You always wanted someone who could dance very well, but I wasn't good at dancing. You were frustrated with my flaw that you wished to never talk about it again.
I just realized, we fought a lot, considering the time that we spent together. You always pointed out my flaws. You hated all my weakness when compared to your achievements. Weren't you able to see them when we were still dating? Some of the fights we had ended really bad that we had to endure cuts and bruises, not to mention the broken furniture that became the weapon of choice during the fight. I know you have toyed with the idea of killing me once or twice, or even more than that. But I'm thankful that you never did it.

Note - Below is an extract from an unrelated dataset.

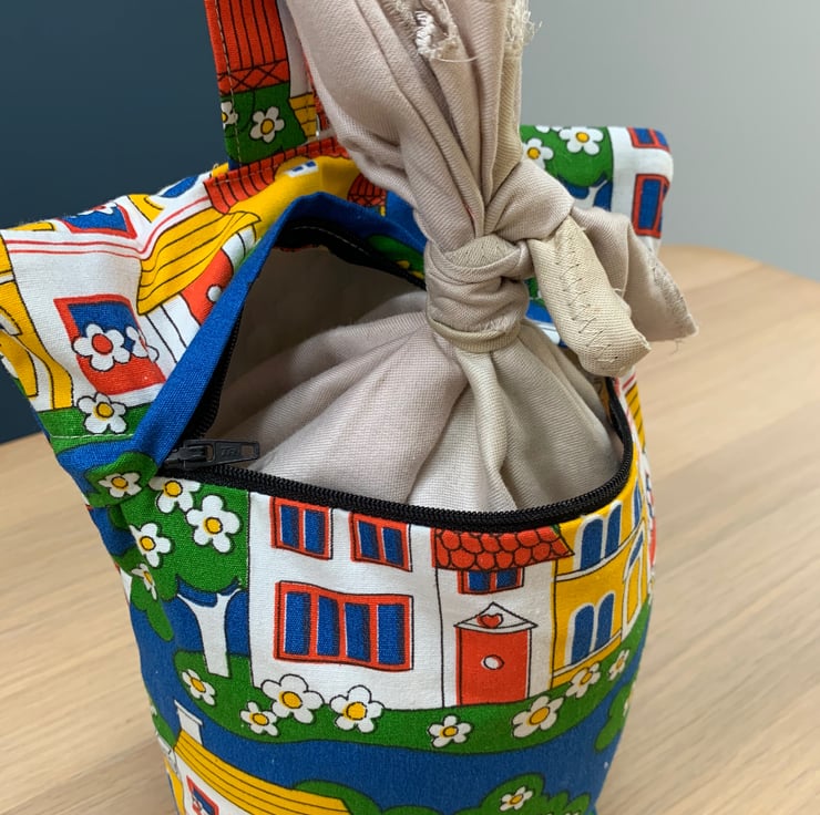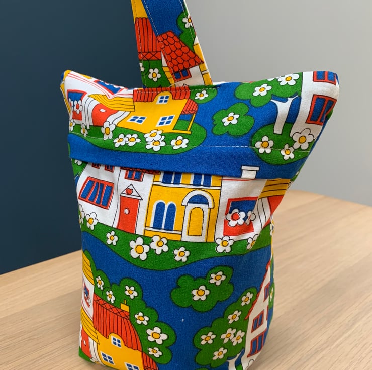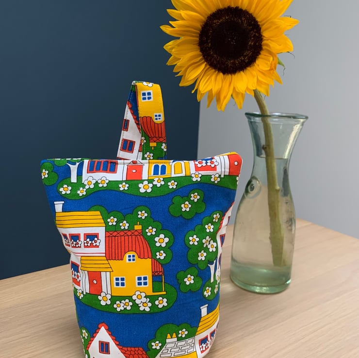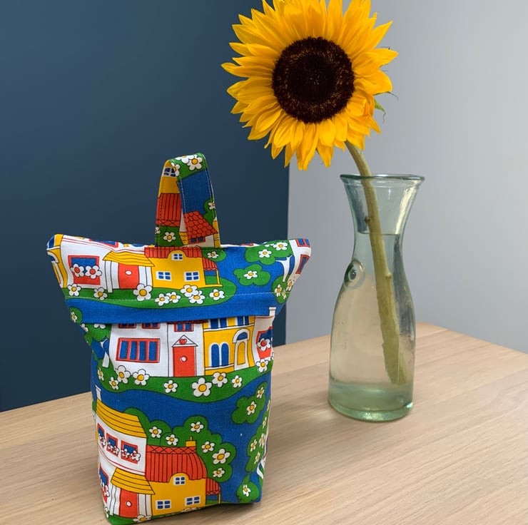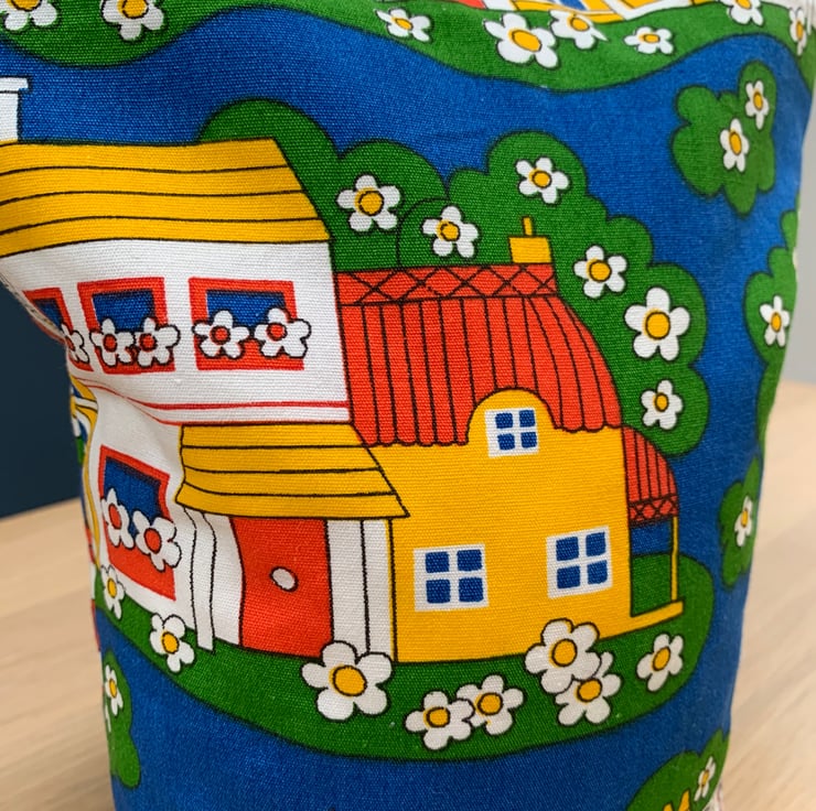 Cute doorstop made from vintage Daisy Walk cotton fabric in bright primary colours. Daisy Walk was a children’s fabric for Jonelle in the 1970s.
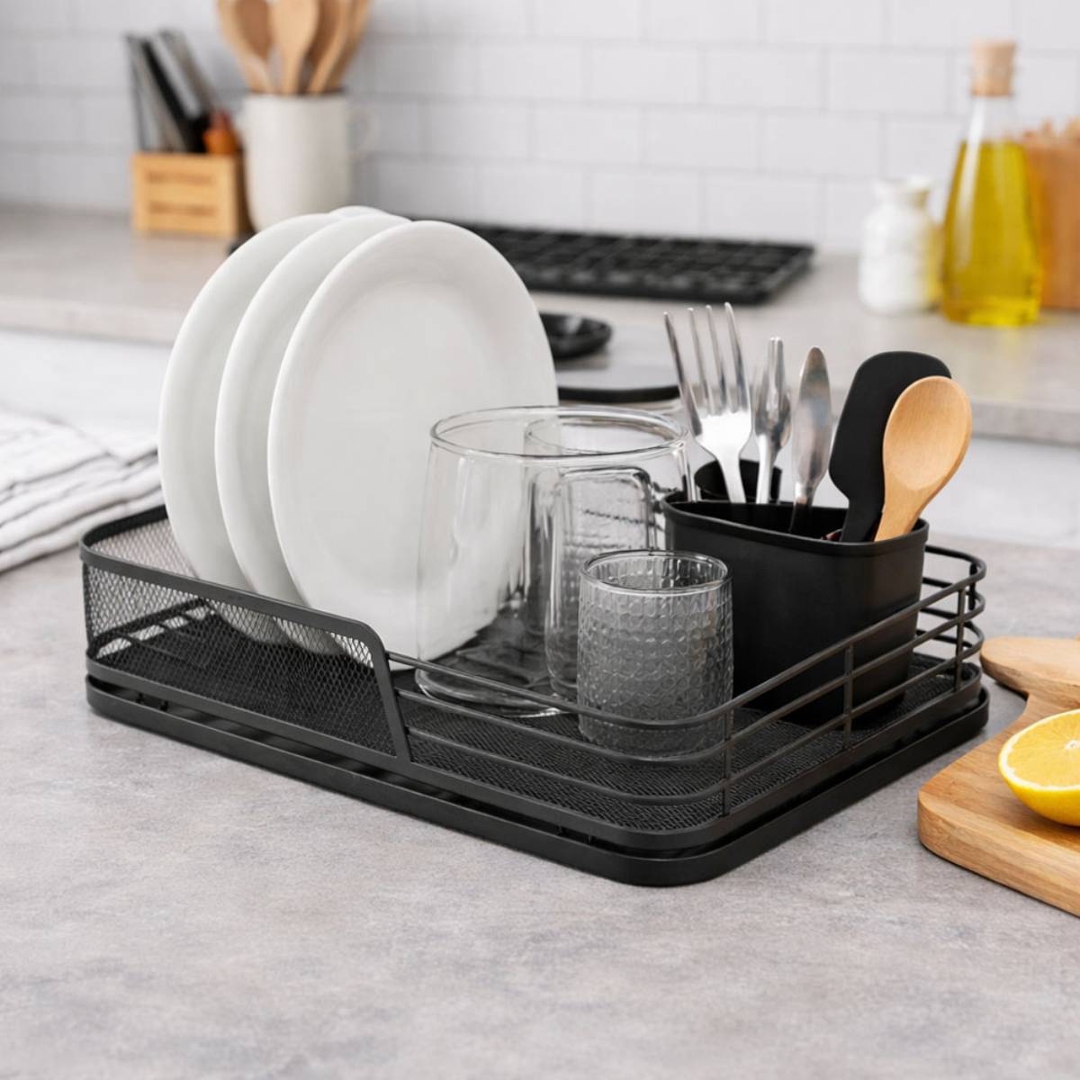 Κρατήστε τον πάγκο της κουζίνας σας οργανωμένο και καθαρό, με την μεταλλική πιατοθήκη Ankor 850242 σε μαύρο ματ. Η ανθεκτική μεταλλική κατασκευή προσφέρει σταθερότητα στην καθημερινή χρήση, ενώ ο πλαστικός δίσκος αποστράγγισης συγκρατεί τα νερά και καθαρίζεται εύκολα.

As for me, I only thought of that once. Call it bad timing, but the only difference is that I acted on it - literally - with a kitchen knife. It was lying on the table and I picked it up without thought. Stabs. More stabs. Twenty-six, to be exact.
I would like you to know that unlike your assumptions that I don't have any talent, I have great interest in art, especially in french curves. Which is why I drew some on your back that night. I danced too - but I used the knife as the main dancer.
I'm sorry I forgot to wash that knife. Was it stainless?